С. Х. Эдамс - Си-бемольный тромбон-1
Каждому переводчику хочется сделать свой перевод лучше, понятней, легче и читабельней. Только вот в некоторых случаях это идёт вразрез со стилем автора, который отнюдь не хочет отличаться простотой. Именно из этой когорты данный автор, Сэмюэл Хопкинс Эдамс. Мне очень понравился его стиль повествования, который я постарался максимально сохранить в данном переводе. Уверен, к нему будут сделаны замечания, ну пожалуйста – комментарии к вашим услугам. Я же считаю, что моя попытка оказалась удачной.
Трое мужчин сидели в клубе «Космик» и обсуждали вопрос «Что не так с Джоунзом?». Уолдемар, старший из дебатантов, являлся владельцем, а иногда и руководителем, важной газеты с хорошей репутацией. Его лицо с крупными чертами носило выражение добродушной власти, свидетельствующей об опытном и успешном журналистском поприще. Рядом с ним сидел Роберт Бертрам, клубный бездельник, стройный и апатично элегантный. Третьим участником конференции был сам Джоунз.
Середнячок Джоунз не мог не схлопотать такое прозвище. Его родители практически навязали его ему, предоставив молодому человеку инициалы С.Р.Е.Н. перед полученным по праву от рождения Д, обозначающей «Джоунз». Его характер явственно оправдывал такое совпадение букв. Он, можно сказать, являлся совмещённой фотографией любого из тысячи американцев между 25 и 30 годами возраста, живущего в нормальных условиях без дурных привычек. По счастью, его в целом обычное лицо привлекало внимание одной непременной чертой совмещённых фотографий – большими, глубоко посаженными и задумчивыми глазами. Без них он прошёл бы сквозь любую толпу, оставшись никем не замеченным. Ему было 27, и он, оглядываясь на пять миновавших с момента окончания колледжа лет, никак не мог понять, что же он с ними сделал; а на четыре предшествующих года до выпуска, не мог понять, как он сумел так хорошо их провести и почему никак не оправдал последние пожелания своего любимого профессора.
«Джоунз, у вас есть одно редчайшее качество: вы можете при желании наточить карандаш своего ума с предельной точностью. Специализируйтесь, юноша, специализируйтесь.»
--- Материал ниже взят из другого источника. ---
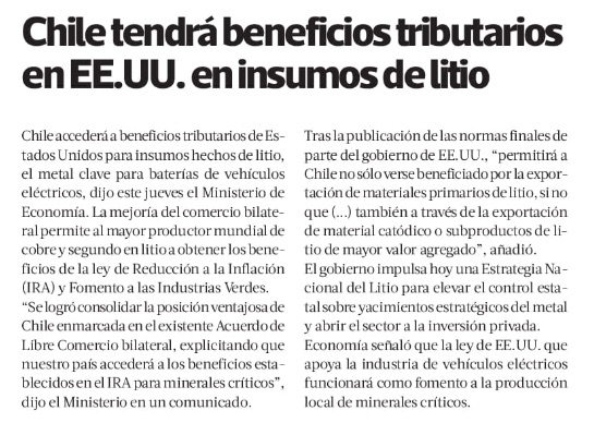Chile accederá a beneficios tributarios de EEUU para insumos hechos con litio - (Diario Financiero)
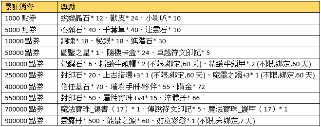 注意事項:1、活動獎勵物品若無特殊注明均為綁定物品;
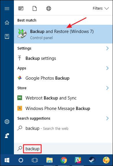 Vous pouvez trouver l'outil en appuyant sur Démarrer, en tapant «sauvegarde», puis en sélectionnant «Sauvegarder et restaurer (Windows 7)».
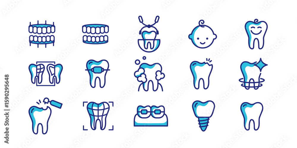 Comprehensive dental icon set - implants, braces, X-rays and pediatric dentistry. Modern flat vector designs for clinics, medical apps and dental healthcare presentations #1590295648
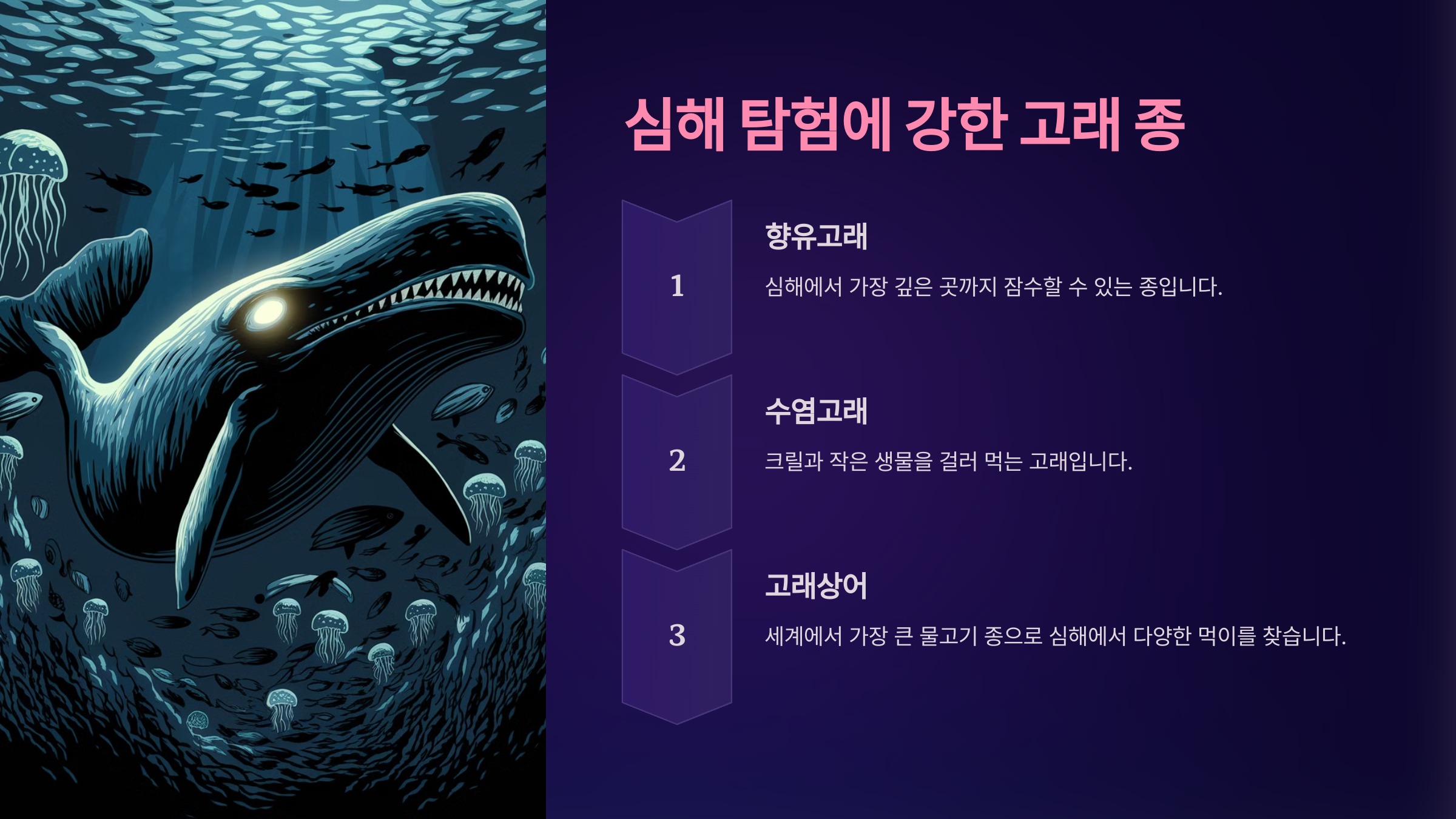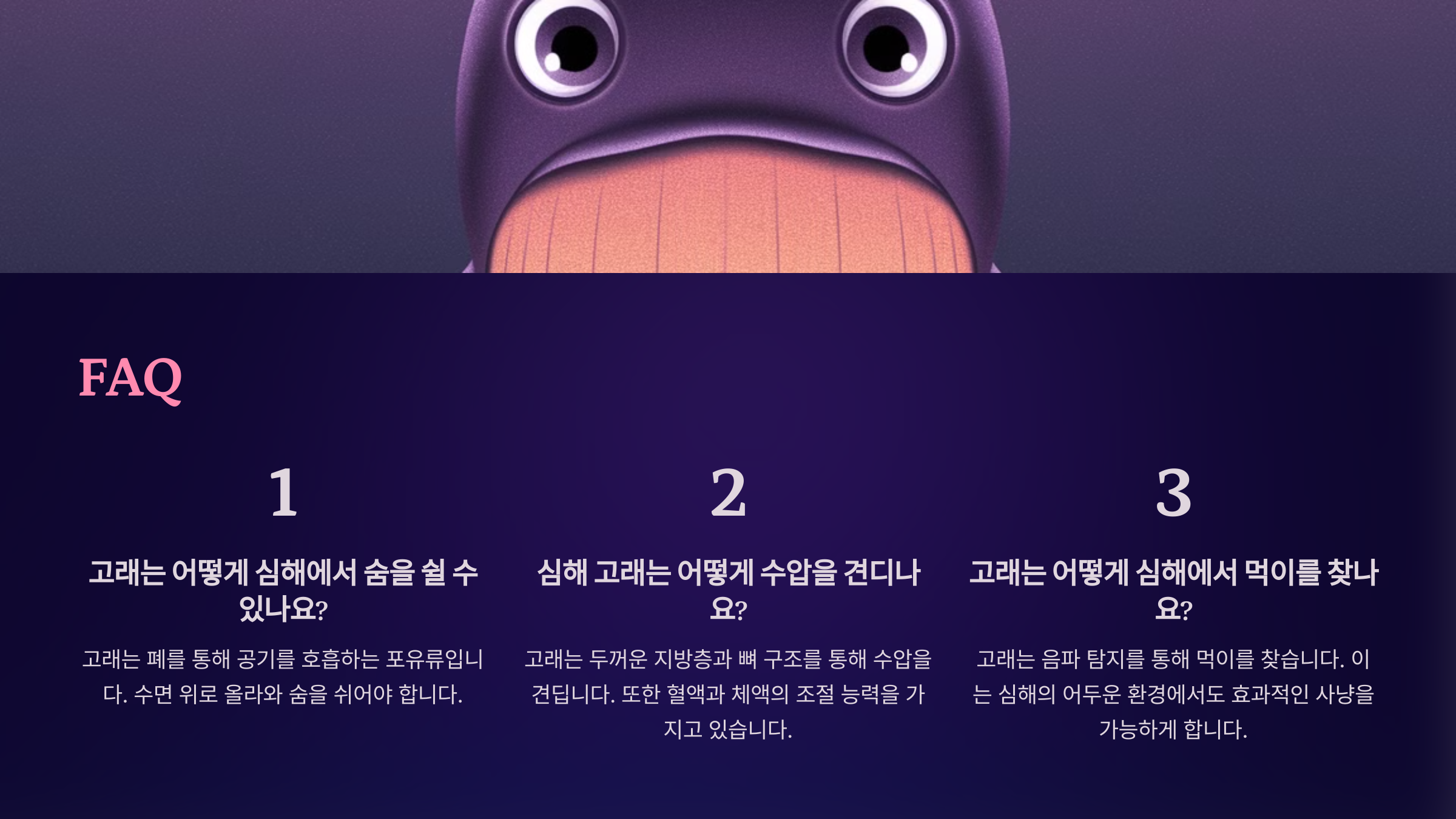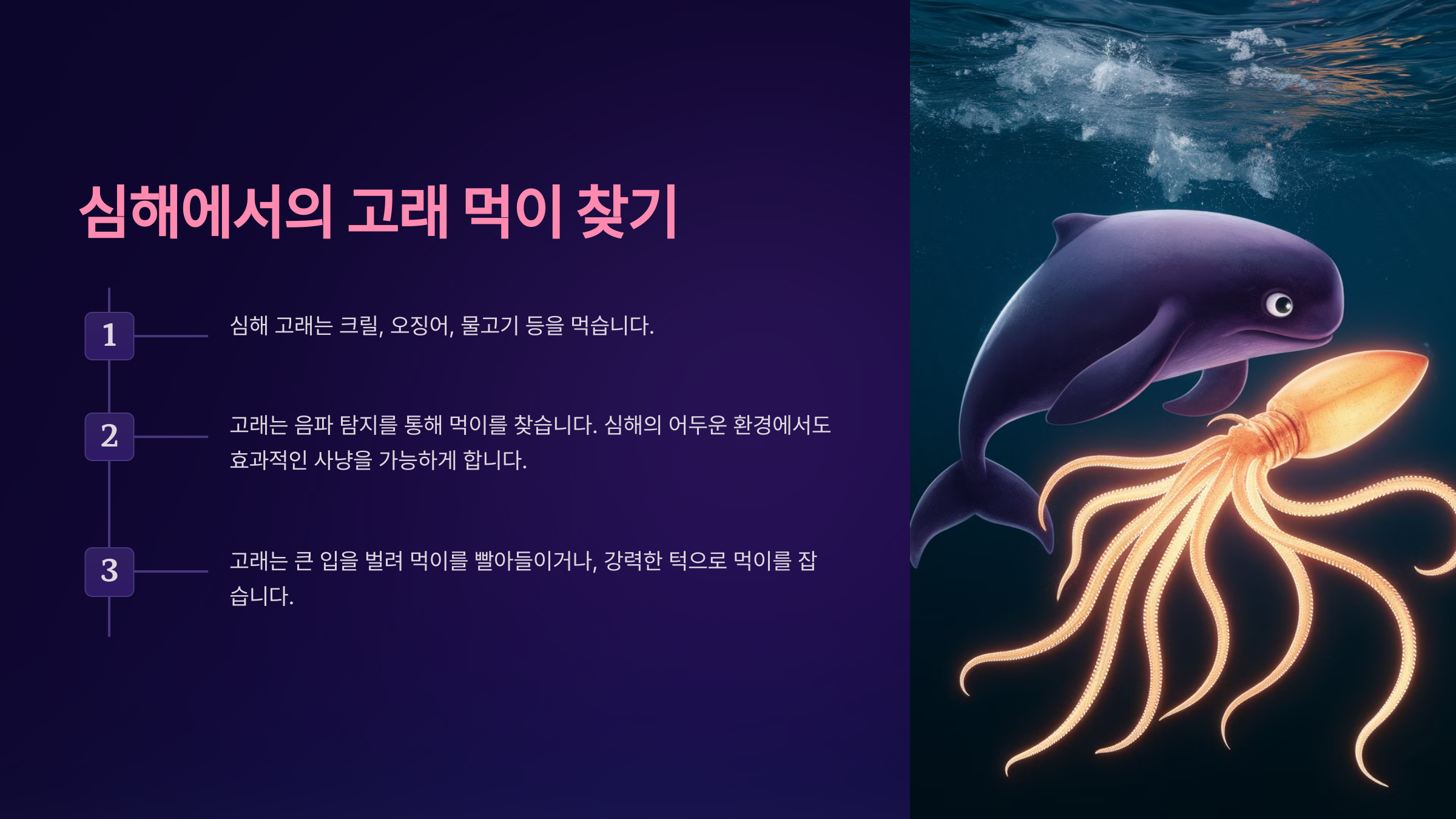 이제 고래의 심해 탐험 비밀을 하나씩 풀어가 볼게요.
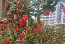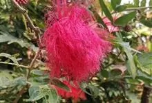 红千层是桃金娘科红千层属的常绿小乔木植物。红千层树皮坚硬,灰褐色,嫩枝有棱,初时有长丝毛,不久变无毛;叶片坚革质,线形;穗状花序生于枝顶,花瓣绿色,卵形,雄蕊鲜红色,花药暗紫色,…全部>>
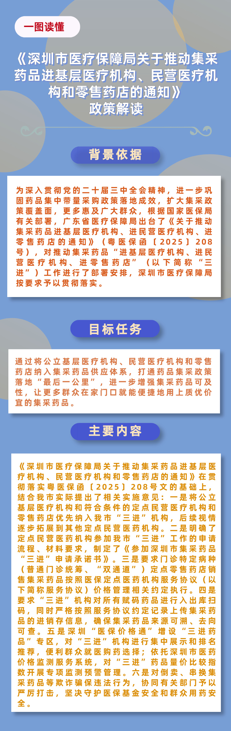 《深圳市医疗保障局关于推动集采药品进基层医疗机构、民营医疗机构和零售药店的通知》政策解读
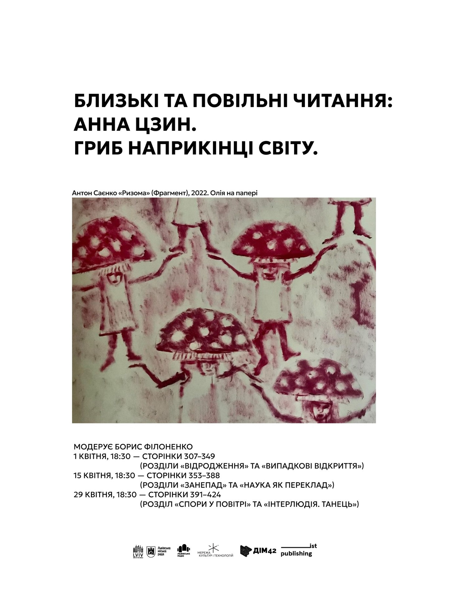 Протягом кількох місяців, від грудня 2025 до травня 2026, в ДІМ42 триватимуть близькі та повільні читання "Гриба…" Цзин за модерації Бориса Філоненка. Ми маємо довготривалу перспективу на десять зустрічей, за які зможемо обговорити всю книжку — від вступних слів і прологу, до 477 сторінки й слів "радісно це визнаю", якими завершується книжка. Наша мета — побачити, як зроблена ця книжка, як саме в ній переплітаються історії та практики, як вона написана та які методологічні орієнтири пропонує.

Если получатель этого совета когда-либо на чём-либо специализировался, то только на жизни. Имея собственный капитал в 25 тысяч ежегодных, он мог бы продолжать свою специализацию бесконечно – но два обстоятельства тянули его в другую сторону. Одним было повсеместно вмешивающееся тяготение принять некое участие в динамической деятельности окружающего мира. Другим – чудаковатое завещание его дяди, чья кончина вызвала столь мало сожаления, но от которого он получил свой теперешний доход и ожидание будущего примерно десятка миллионов. Стювезан Рейпен Егертон Нориен – как некогда высказался Уолдемар – «сел на кресло мэра с хорошим именем, а встал с глыбой льда». В завещании, цинично-юмористическое формулирование которого стало темой дня, мистер Нориен с того света посмеялся над обществом, которое он ограбил, и пообещал реституцию, если можно так выразиться, через своего наследника.
«Следовательно, - написал он, - я отписываю и завещаю упомянутому Стювезану Рейпену Егертону Нориену Джоунзу моё имущество, основная часть которого будет передана ему только после того, когда он завершит непрерывное пятилетнее проживание в Нью Йорк сити. По истечении этого времени вирус метрополиса охватит его сущность целиком. Он растранжирит своё незаработанное и незаслуженное состояние, таким образом замкнув порочный круг и излив ядовитым ливнем миллионы, добытые моей политической деятельностью, на город, к которому я, после того, как руководил им, вертел им как хотел и общипывал, не испытываю никаких иных чувств помимо презрения.»
- Так что теперь,- заметил Уолдемар своим тяжёлым голосом с рыкающими нотками,- ты жаждешь разочаровать этого достойного мужа.
- Такова человеческая природа, понимаешь ли,- проговорил Середнячок Джоунз.- Когда некто накладывает на тебя проклятье в десять миллионов долларов и утверждает, что ты никчёмный, как креветка, ты – ты...
- Естественно, хочешь доказать, что он лжёт,- закончил Бертрам.
- Именно. Как бы то ни было, у меня нет вкуса ни к моральным, ни к финансовым беспутствам. Я хочу деятельности, мне надо чем-то заниматься. Мне скучно в этом инфернальном городе.
- Типичные жалобы ненасытного романтика,- прокомментировал Бертрам.
- Какого там романтика!- запротестовал тот.- У меня самые что ни на есть практические амбиции, мне только надо их расшевелить.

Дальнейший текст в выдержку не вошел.